Zwei Tage nach dem epischen Sieg gegen den Italiener Jannik Sinner über mehr als viereinhalb Stunden fehlte Zverev in New York die Kraft, um gegen Alcaraz zu bestehen. Dazu wirkte der 26 Jahre alte Hamburger angeschlagen, ließ sich nach dem zweiten Satz behandeln. Zverev muss damit weiter auf seinen ersten Triumph bei einem Grand-Slam-Turnier warten. Alcaraz trifft in der Runde der besten Vier nun am Freitag auf den Russen Daniil Medwedew.

Der als Nummer drei gesetzte Medwedew hat sich im Duell zweier Russen mit seinem Freund Andrej Rublew nach 2:47 Stunden bei sehr schwülen Bedingungen mit 6:4, 6:3, 6:4 durchgesetzt und damit im Head-to-Head auf 6:2 gestellt. Medwedew qualifizierte sich für sein viertes Semifinale in Flushing Meadows. 2021 hat Medwedew als Nachfolger von Dominic Thiem bei den US Open seinen bisher einzigen Major-Titel gewonnen.

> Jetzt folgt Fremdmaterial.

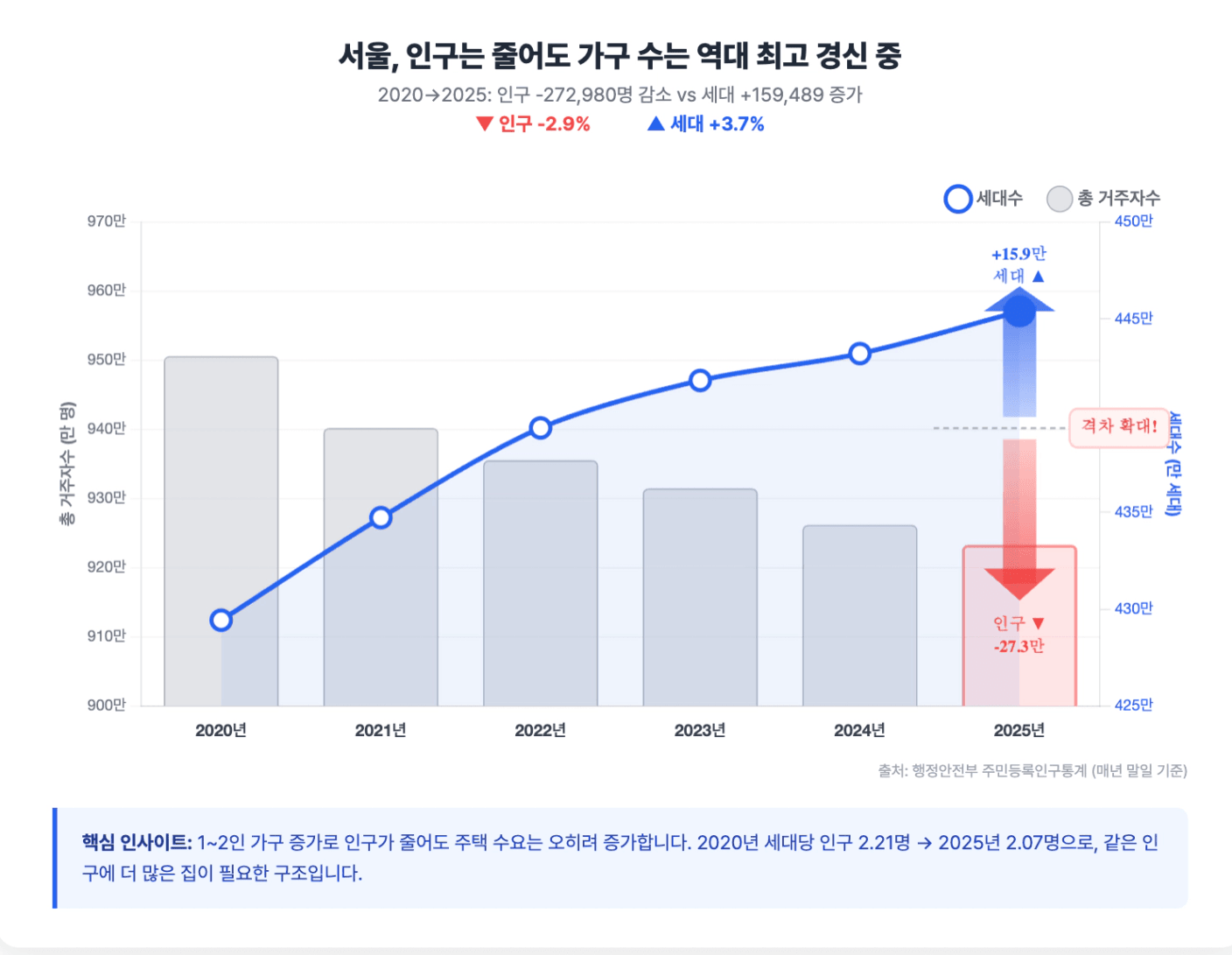 2020년 약 413만 가구였던 서울 가구 수는 꾸준히 늘어 2025년 현재 450만 가구를 돌파했습니다.

"Irgendwann stirbt hier noch einer auf dem Platz", hatte Medwedew schon während des Matches in die Kamera gesagt. "Es war brutal, das einzig Gute bei diesen Bedingungen war, dass wir beide leiden mussten." Für Rublew, den Taufpaten der Tochter von Medwedew, war es eine bittere Niederlage, denn er hat damit auch sein neuntes Viertelfinale auf Grand-Slam-Niveau verloren.

Auf Kurs: Aryna Sabalenka.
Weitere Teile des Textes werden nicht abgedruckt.